Dit was ook precies de reactie van veel religieuze Israëlieten. Paulus beschrijft deze poging van Israël om hun eigen gerechtigheid te doen gelden in Romeinen 10:3: Omdat zij immers de gerechtigheid van God niet kennen en een eigen gerechtigheid tot stand proberen te brengen, hebben zij zich niet aan de gerechtigheid van God onderworpen.
Als gevolg van Israëls poging om hun eigen gerechtigheid te bewerken, kwamen zij er niet toe zich te onderwerpen aan God en aan Gods weg tot gerechtigheid. De grondoorzaak van hun dwaling was dus geestelijke trots - een weigering zich aan God te onderwerpen - een verlangen om onafhankelijk te zijn van Gods genade en barmhartigheid.
Wanneer mensen echt bereid zijn de feiten onder ogen te zien en eerlijk willen zijn, moeten ze altijd toegeven dat ze zichzelf nooit rechtvaardig kunnen maken. In Romeinen 7:18-23 beschrijft Paulus dit als een ervaring waar hijzelf ook doorheen is gegaan in zijn pogingen zichzelf door het onderhouden van de wet rechtvaardig te maken. Het kernpunt van dit innerlijke conflict wordt uitgedrukt in vers 21: Ik ontdek dus deze wet in mij: als ik het goede wil doen, is het kwade dicht bij mij.
Hier spreekt Paulus als iemand die oprecht met zijn verstand de rechtvaardigheid en de wenselijkheid erkent van de levensweg die de wet voorschrijft. Maar hoe meer hij worstelt om te doen wat de wet voorschrijft, des te meer wordt hij zich bewust van een andere wet, een andere kracht, in zijn eigen vleselijke natuur, die voortdurend strijdt tegen de wet die hij met zijn verstand erkent. Die andere wet belemmert zijn sterkste en meest ernstige pogingen om zichzelf rechtvaardig te maken door het onderhouden van de wet.
Dit is een opvallende paradox, maar toch wordt dit in alle menselijke ervaringen bevestigd. Een mens weet nooit hoe slecht hij is, totdat hij werkelijk probeert goed te zijn.

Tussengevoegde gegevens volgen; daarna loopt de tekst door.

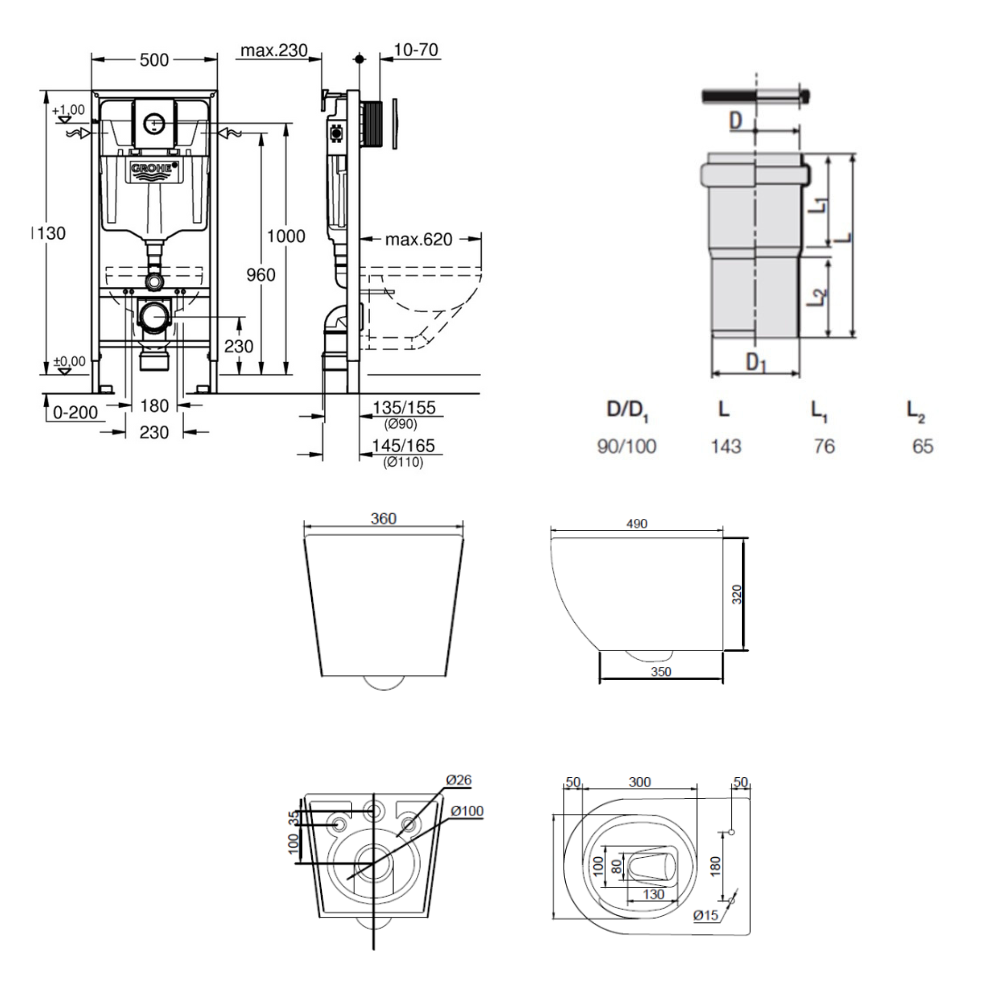 - Redi Manchon de raccordement Ø 90/100 MM pour Rapid SL ou Geberit (VS0564190)
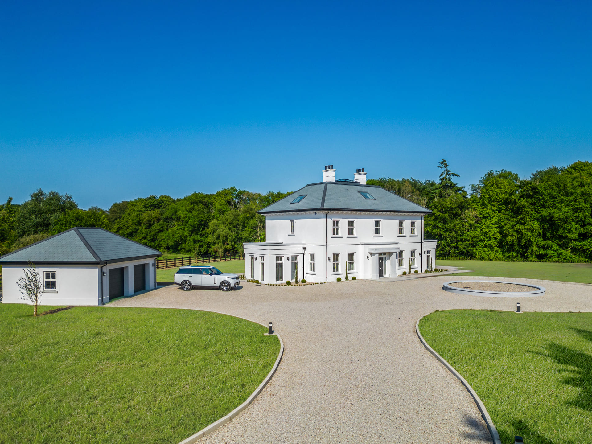 This contemporary country home is set within magnificent grounds of circa 1.75 acres and is approached via electric gates and a sweeping private driveway. The cleverly designed architecture boasts generously proportioned rooms throughout, with an emphasis on natural light and entertaining space. Stone pillars frame the smart front entrance, which opens to an impressive reception hall with an elegant staircase rising to the first floor. The principal reception rooms lead off from the hall, including an impressive drawing room with a large fireplace and views over the landscaped garden.
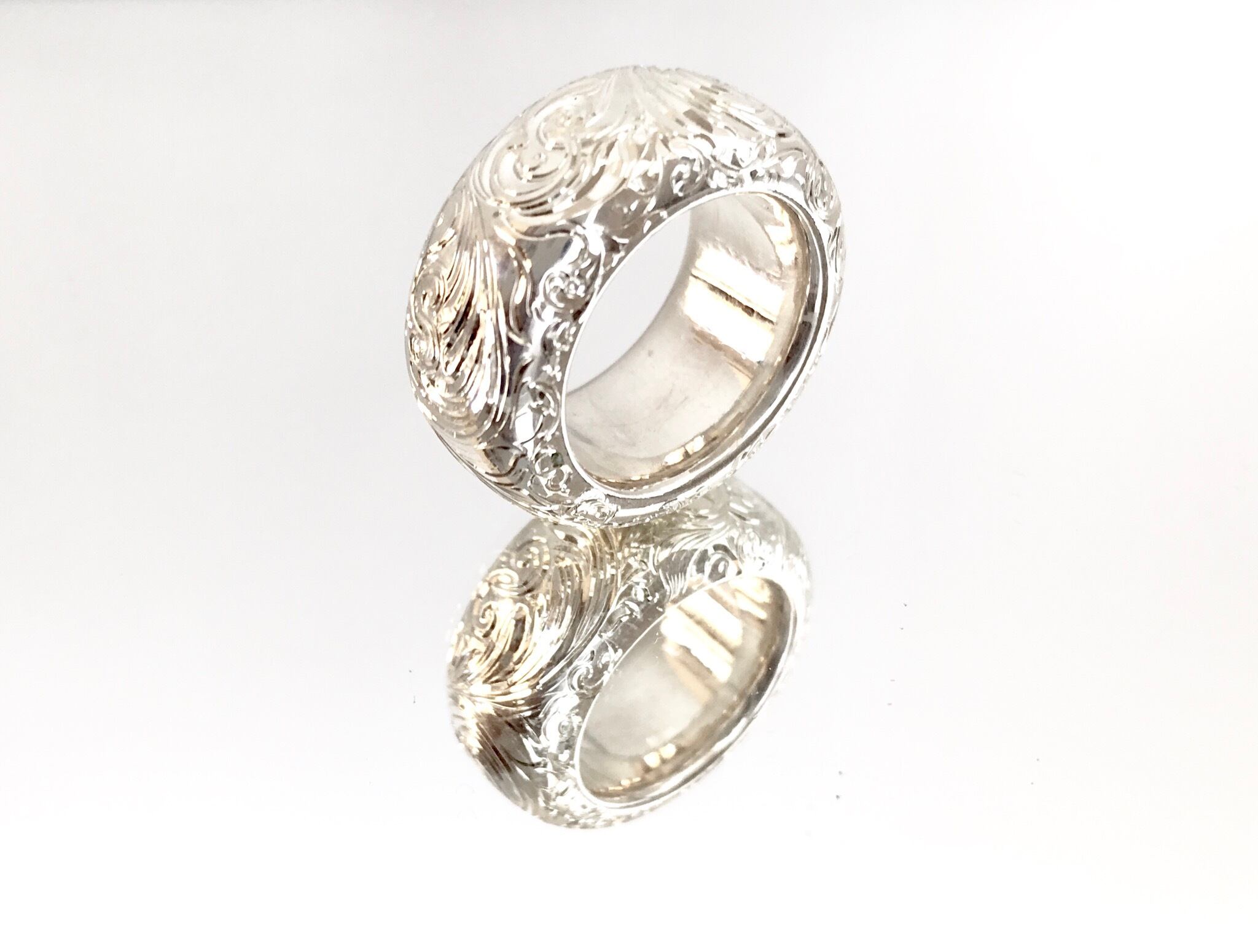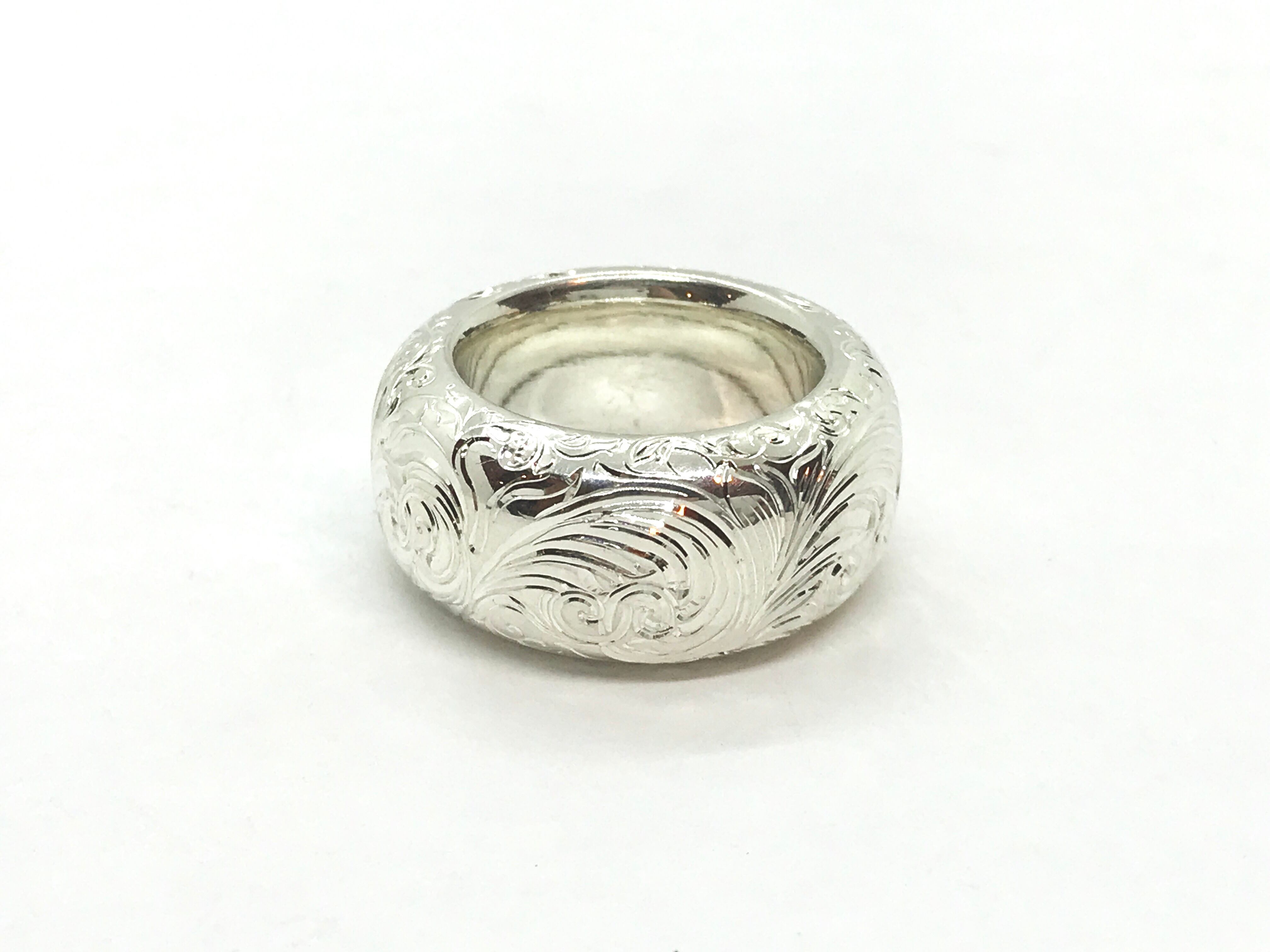 受注製作 レディス メンズ 総手彫 アラベスク 唐草 リング シルバー 無垢 指輪

Iedere poging om goed te zijn brengt daarna alleen maar duidelijk de hopeloze en ongeneeslijke zondigheid naar voren van zijn eigen vleselijke natuur, waartegen al zijn eigen pogingen en goede bedoelingen volkomen zinloos zijn.

Heer, wat is het toch fantastisch en geweldig dat U een weg heeft gecreëerd naar zaligheid, omdat wij daar zelf niet in het minst toe in staat zijn… Dank U Heer Jezus, dat ik door Uw genade rein en heilig mag zijn en gaandeweg steeds meer mag gaan lijken op U, zodat door mij heen Uw heerlijkheid zichtbaar wordt voor de wereld om mij heen. Amen.